"Would you still want the agreement written this way if THAT does happen?"
"THAT will never happen," so said the CEO. Forgetting that foreseeable and undesirable events did happen in two past agreements, he ignored the warning and wrote an agreement that later could have boxed him into an unpleasant and compromising position. Previously, he had written two sales commission agreements that now he didn't like. He found himself uncomfortably renegotiating the contracts to exclude the commissions he didn't intend to pay in the first place. He failed to foresee that the years and changing business conditions can lead to extra business being attributed to the representatives, without them having done anything to engender the accounts. For example, one rep initially brought the customer to this company, but no sales really occurred. Years later, the customer had contacted the CEO on their own. The customer's buying personnel had changed and not known about the rep. The rep hadn't contacted them either over the years. Yet, here they were buying product from the CEO's company...and earning commissions for the rep who hadn't worked with the company for many years. The commission agreement did not have any expiration or lapse based on a timeframe that would have allowed the customer to be reassigned as a 'house' account for commission purposes.

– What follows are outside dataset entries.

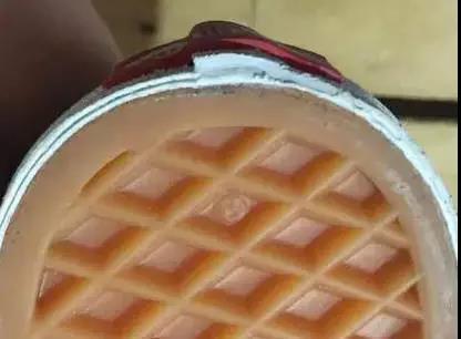 观察后标凹凸度,正品会在鞋后跟白色的拼接处有一定的凹凸度,基本不会整块平整。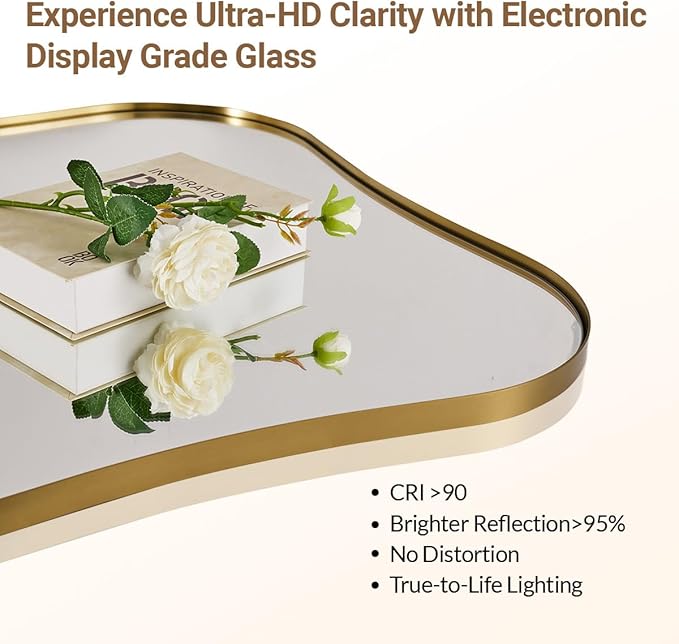 - ANDY STAR Belief: With 20 years production experience, we are confident of every brass irregular bathroom mirror you received is fully quality-assured. Replacement is GUARANTEED if any damaged or defective including distorted when you receive it. Just contact us freely through amazon, we would make it right accordingly.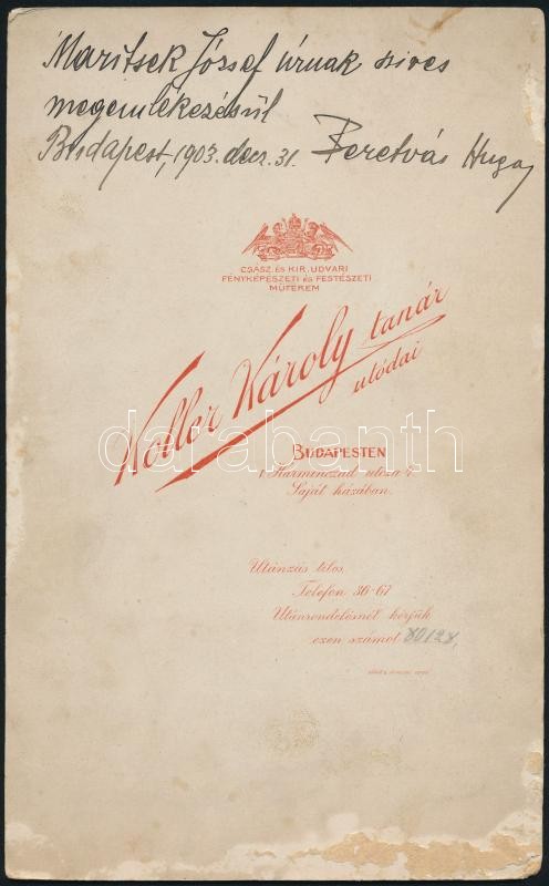 1903 Beretvás Hugó (1872-1940) zeneszerző, Ady első megzenésítőinek egyike, keményhátú fotó Koller Károly utódai budapesti műterméből, hátulján Beretvás dedikációjával, 21,5×13,5 cm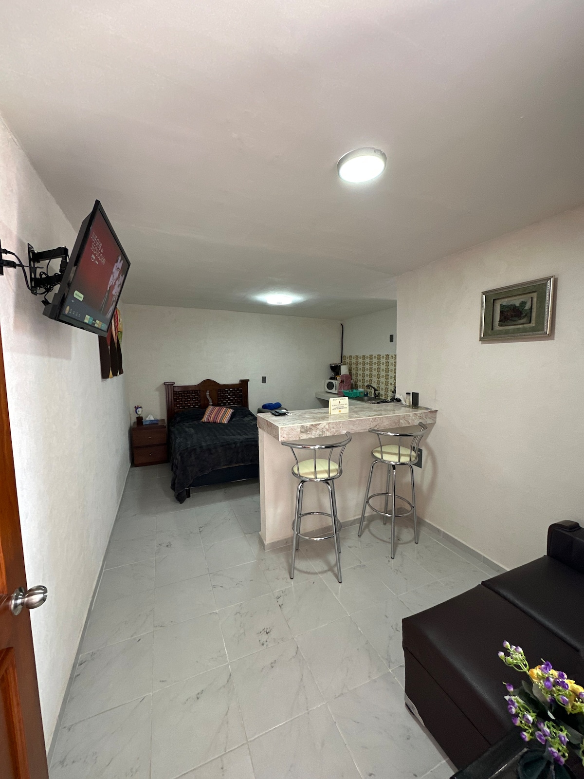 "रहने के लिए और शहर में अपने ठहरने का पूरा आनंद लेने के लिए एक शानदार जगह। पाचुका के मेले से 20 मिनट की पैदल दूरी पर। Pachuca के सबसे प्रसिद्ध संग्रहालय, एल Rehilete संग्रहालय के सामने स्थित है, जहाँ आप अतीत की यात्रा कर सकते हैं और शानदार डायनासोर देख सकते हैं। इस अपार्टमेंट में किंग साइज़ बेड है। यहाँ एक किचन है, जहाँ आप अपने कपड़े, कटलरी, प्लेट और गिलास, माइक्रोवेव धो सकते हैं। बाथरूम में आपको तौलिए, एक ड्रायर मिलेगा। कॉमन जगह पर बिस्तर और एक टीवी "

Similarly, I've seen pension plans that failed to evaluate possible scenarios causing payouts to former employees that were not the intention of the management. In one case, the payout was large enough to hurt the current employees' accounts.
Those leaders were put into the awkward situation of 1) showing a lack of integrity by not abiding to the agreement; 2) begging that the other party allow a change in agreement that would be disadvantageous to the other party; or 3) buying their way out of the agreement.
As servant leaders, we serve our organizations when we can keep the ugly from happening as much as possible. When we're sailing, we need to prepare for the storm that could skate over the horizon. We need to run through possible scenarios, understand their probability and plan accordingly. All things are possible, but the probable events are finite. We should be good leaders by making sure we don't jeopardize our organization by assuming the storm won't come because we don't want it to come...or just because we haven't had a storm all the other times we've sailed these waters. (Like buying insurance, you can argue yourself out of it because you've not needed it before, so why buy it now. Unfortunately, accidents happen frequently and it is probable that it will happen in your organization.)
Today, take time to consider the "ugly" event or the storm that could rock your organization. What is the likelihood? What can you do to prepare for it?
For C12 and Truth@Work members, we are asked to think ahead and be prepared in many scripture passages. "Build your house on the rock" (because the storm will come) and "estimate the cost to see if he has money to build it" and "be shrewd as snakes but as innocent as doves" are some of the advisories.